- **What the exercise asks**: Once you find the line with "6月19日UTにGRS(大赤" in the listing below, set down exactly every line from it through the line with "Honoré le 13", but no pictures.

- **Source material**:
##########
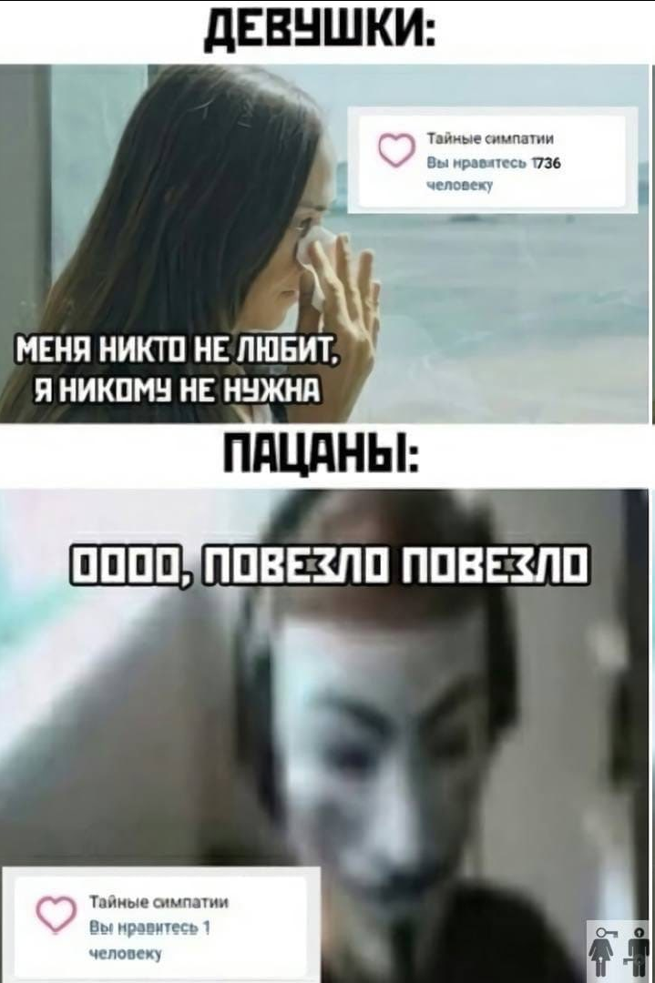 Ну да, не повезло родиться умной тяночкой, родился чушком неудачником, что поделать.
##########
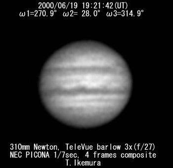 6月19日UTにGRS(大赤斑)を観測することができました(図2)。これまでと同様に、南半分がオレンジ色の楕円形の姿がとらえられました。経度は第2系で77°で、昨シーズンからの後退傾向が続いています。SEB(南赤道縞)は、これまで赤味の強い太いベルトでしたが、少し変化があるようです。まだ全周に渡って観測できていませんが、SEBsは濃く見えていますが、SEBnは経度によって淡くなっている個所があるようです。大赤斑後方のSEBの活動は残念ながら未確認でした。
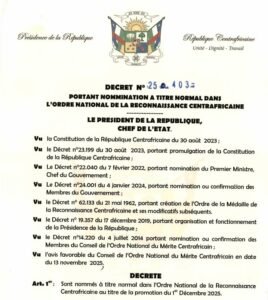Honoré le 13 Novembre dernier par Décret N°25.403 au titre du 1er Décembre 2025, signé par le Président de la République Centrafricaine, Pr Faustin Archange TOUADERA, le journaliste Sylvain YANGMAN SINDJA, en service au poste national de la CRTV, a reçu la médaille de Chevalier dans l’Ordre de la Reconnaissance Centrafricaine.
##########
- **Task output**:
 6月19日UTにGRS(大赤斑)を観測することができました(図2)。これまでと同様に、南半分がオレンジ色の楕円形の姿がとらえられました。経度は第2系で77°で、昨シーズンからの後退傾向が続いています。SEB(南赤道縞)は、これまで赤味の強い太いベルトでしたが、少し変化があるようです。まだ全周に渡って観測できていませんが、SEBsは濃く見えていますが、SEBnは経度によって淡くなっている個所があるようです。大赤斑後方のSEBの活動は残念ながら未確認でした。
Honoré le 13 Novembre dernier par Décret N°25.403 au titre du 1er Décembre 2025, signé par le Président de la République Centrafricaine, Pr Faustin Archange TOUADERA, le journaliste Sylvain YANGMAN SINDJA, en service au poste national de la CRTV, a reçu la médaille de Chevalier dans l’Ordre de la Reconnaissance Centrafricaine.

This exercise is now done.